В карнавал 1511 г. старый слуга медичейского дома и давний коллега Боттичелли Пьеро ди Козимо — «выдумщик необыкновенный и прихотливый» сумел поразить ко всему привычных флорентинцев «затеей странной, страшной и неожиданной». Пьеро ди Козимо принадлежит честь, как пишет Вазари, изобретения пышных маскарадных шествий в виде «триумфов» в сопровождении музыки. Это был тоже в своем роде «триумф», только место влюбленных античных богов с веселящейся свитой сатиров и нимф в нем заменили тени потустороннего мира.
Огромнейшая многозначительно черная колымага, запряженная буйволами, вместо привычных аллегорических «трофеев» расписанная мертвыми костями и белыми крестами, сооруженная в глубочайшей тайне давним поклонником прекрасной Симонетты, увенчанная сверху гигантской фигурой бутафорской Смерти с косой и нагруженная множеством гробов, сопровождалась целой толпой факельщиков, обряженных в маски черепов.
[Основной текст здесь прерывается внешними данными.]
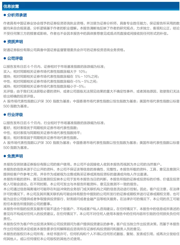 本文节选自财通证券股份有限公司(简称“财通证券”)已公开发布的研究报告,如需了解详细内容,请具体参见财通证券发布的完整版报告。本微信号推送的内容仅面向财通证券客户中的专业投资者,若您并非该类客户,请勿订阅、转载或使用本微信号的信息。本微信号建设受限于难以设置访问权限,财通证券不会因您订阅本微信号的行为或者收到本微信号推送消息而视为我们的当然客户。 本微信号旨在及时分享研究成果,并不是我们的研究报告发布平台。所载资料与我们正式发布的报告相较存在延时转发的情况,并可能因报告发布日之后的情势变化而不再准确或失效,且本微信号不承担更新推送信息或另行通知的义务,后续更新信息请以财通证券研究正式发布的研究报告为准。 在任何情况下本微信号所推送信息或所表述的意见并不构成对任何人的投资建议,投资者不应单纯依靠所接收我们推送的信息而取代自身的独立判断,必须充分了解各类投资风险,自主做出决策并自行承担投资风险。为避免投资者不当使用所载资料,提示应关注以下事项:(1)本微信号所载资料涉及的盈利预测、投资评级、目标价等,均是基于特定的假设条件、特定的评级标准、相对的市场基准指数而得出的中长期价值判断,不涉及对具体证券或金融工具在具体时点的判断。(2)本微信号所载资料涉及的数据或信息均来源皆被财通证券认为可靠,但财通证券不对前述数据或信息的准确性或完整性做出任何保证,报告内容亦仅供参考。(3)不同时期,财通证券可能会依据不同的假设和标准、采用不同的分析方法而口头或书面发表与本资料意见不一致的市场评论或投资观点。 为控制投资风险,投资者应仔细阅读本资料所附的各项声明、信息披露事项及风险提示。由于上述所列风险提醒事项并未囊括不当使用本资料所涉的全部风险,投资者必要时应寻求专业投资顾问指导。 本微信号版权仅为财通证券股份公司所有,并保留一切法律权利。未经事先书面许可,任何机构和个人不得以任何形式翻版、转载和发表。
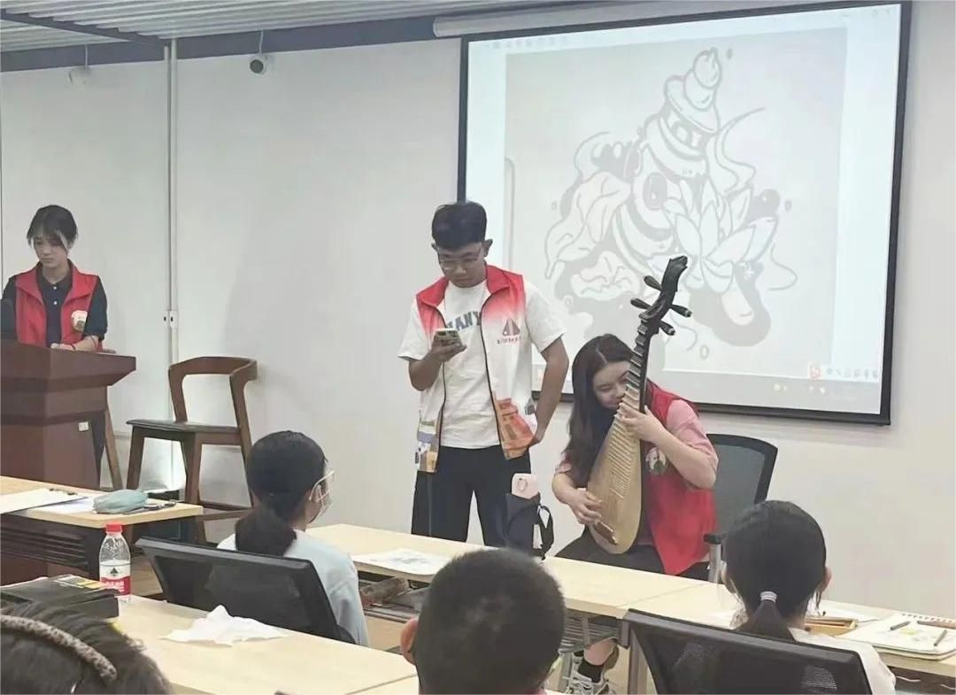 为了让学生们从民族特色中感受更多的乐趣,艺术学院的学子们以趣味的音乐与美术课交叉进行的方式,为他们带来了一次讲授理论知识的课程。

Под черными флагами, украшенными эмблемой смерти, специально подобранные клячи самого тощего и унылого вида, какие только нашлись, накрытые траурными попонами, несли на себе полсотни скелетоподобно обряженных всадников.
Во время шествия через город вся конная и пешая свита Смерти намеренно дрожащими голосами тянула в унисон погребальные гимны, а при кратких остановках зловещей колесницы из гробов, приподняв аккуратно крышки, эффектно выставлялись запрятанные в них ряженые, живописно располагались и весьма прочувствованно пели на всем знакомый карнавальный мотив, но с донельзя переиначенными словами, где вместо брызжущих солнцем медичейских стихов «Вакха и Ариадны» загробным плачем звучали другие, сочиненные Антонио Аламанни, перелагавшие эротический гимн в похоронную лауду:
«Мы мертвы, а вы живете,Ты живой, а я мертвец,Как и мы, и вы умрете,Всех нас ждет один конец.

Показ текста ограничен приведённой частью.